Unfortunately for Socrates, endless questioning is also extremely annoying, and the barefoot philosopher’s
inquisitiveness made him powerful enemies. Put on trial for “corrupting the youth,” Socrates was forced to commit
suicide by drinking hemlock.
Luckily for us, his work lived on through his students. If Socrates wrote anything, it didn’t survive. But his question-
and-answer sessions were recorded by his pupils, Plato and Xenophon, in the dialogues. The former (427–347 BCE,
give or take) also took it upon himself to expand on Socrates, and in the later dialogues Socrates is mostly AWOL,
meaning it’s all Plato. Plato’s work didn’t stop with the dialogues. His own writings dealt mostly with government, law,
ethics, and reason. Today The Republic is considered Plato’s major masterwork. In fact, his treatise on a “good city”
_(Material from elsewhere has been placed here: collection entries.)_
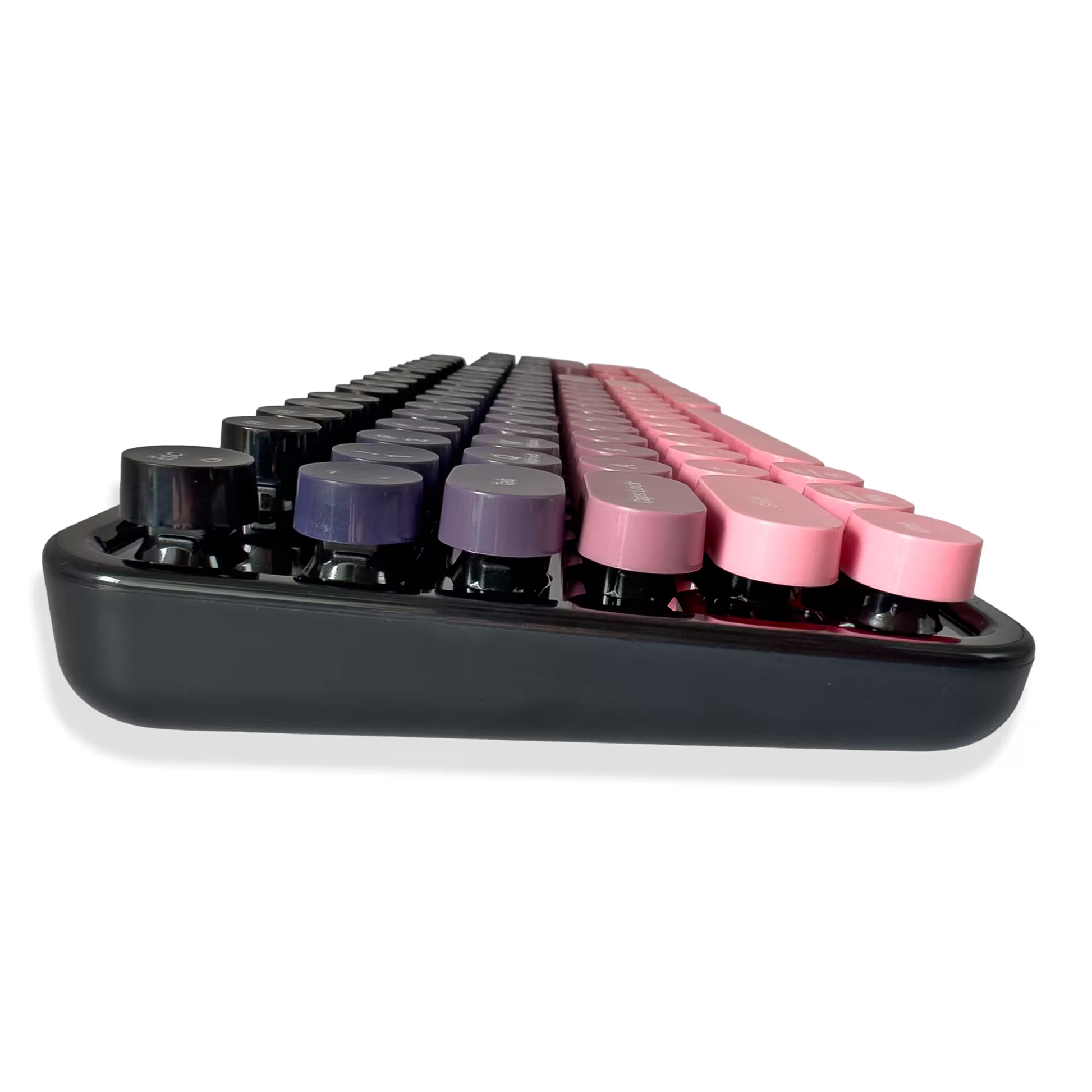 - Estética Retro-Chic: Teclas circulares con sistema "Pop" en una elegante degradación de grises que le da un toque profesional y moderno a tu espacio
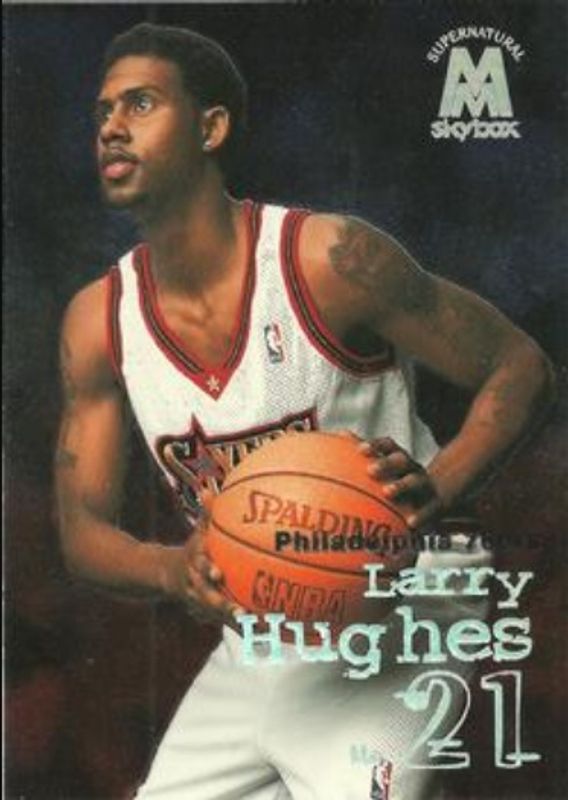 The Larry Hughes 1998 Skybox Molten Metal #138 Base Rookie card is 1 of 8 Larry Hughes' card variations in the 1998 Skybox Molten Metal set being tracked by Sports Card Investor, including Xplosion, Supernatural - Fusion /250, Supernatural - Titanium Fusion /40, Autographics, and Fusion /250.
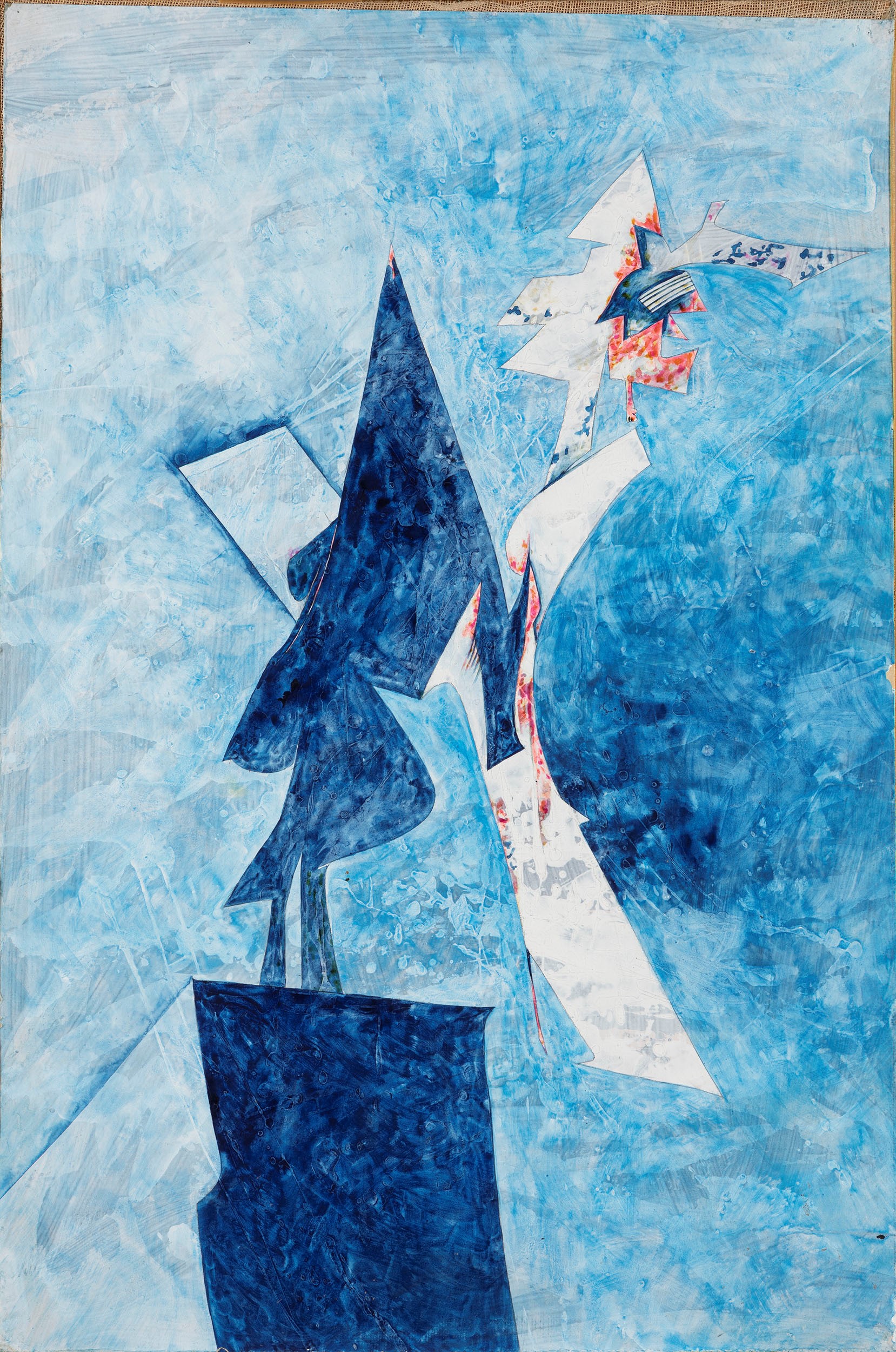 tecnica mista su carta applicata su tela, cm 74 x 50

is still a “must read” for poli-sci majors in universities everywhere.
Of these three philosophical bigwigs, however, it was Plato’s student Aristotle (384–322 BCE) who had the most
expansive intellect (not to mention the shortest beard). Aristotle wrote on literally every subject of the day, from
metaphysics and government to mathematics and natural science. In fact, his renown as a polymath is what led
Macedonian King Philip II (359–366 BCE) to choose Aristotle as a tutor for his son, Alexander. Aristotle departed from
his two predecessors’ line of thought, relying more on sensory input as a source of knowledge. Today Aristotle is
thought of as the granddaddy of the scientific method—despite the fact that he relied on pure reason, not experiment,
to come to a conclusion, and as a result was wrong a breathtakingly large percentage of the time.